Theoretical and experimental study of choline chloride-carboxylic acid deep eutectic solvents and their hydrogen bonds

Abstract

In the field of green chemistry, deep eutectic solvents (DES) have seen extensive use and research in last two decades. Two carboxylic acid-choline chloride DES were studied using experimental Fourier Transform Infrared Spectroscopy (FTIR) and computational Density Functional Theory (DFT). Geometry optimization, vibrational analysis, and assignment of vibrational frequencies were performed using two DFT methods: B3LYP and BLYP. The resemblance to the experimental FTIR vibrations with calculated vibrations established that both the methods can be used to simulate experimental DES. Vibrations that would be impossible to identify and characterize using experimental methods were identified using DFT simulations.

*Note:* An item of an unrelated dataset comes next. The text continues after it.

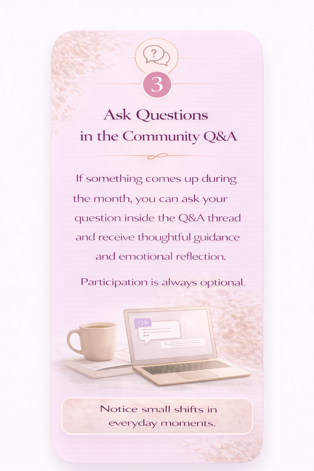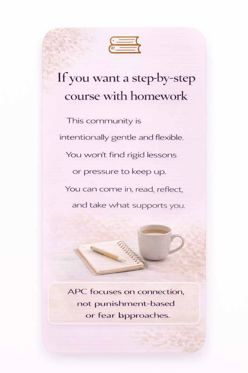 There is no pressure to keep up. Come in, take what supports you and grow at your own pace.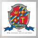 Escudo estilo cavaleiros monograma T arte nome pôster perfeito para o quarto ou sala de jogos de um menino em tons de vermelho, amarelo, azul e cinza. Personalize com o nome da sua criança e o significado do nome para um toque verdadeiramente personalizado no quarto ou berçário da sua criança, este exemplo é para o nome Thomas Twin. Engraçado, carismático, prático e atlético. Impressão de pôster ideal como presente para um menino recém-nascido, para um batizado, nomeação de bebê ou presente de churrasco de bebê. Desenho de escudo único, arte gráfica e design por Sarah Trett. www.sarahtrett.com para www.mylittleeden.com

Optimized structures as well as experimental spectra were analyzed to prove the existence of hydrogen bonds and to study their lengths and changes when DES are synthesized from components. Atoms in Molecules theory was applied to study hydrogen bonding in these DES. The chlorine ion in choline chloride was found to form a strong hydrogen bond with acetic acid and formic acid in their DES formed with choline chloride. The choline ion was also found to act as a hydrogen bond donor in forming a strong hydrogen bond with acetic acid and formic acid.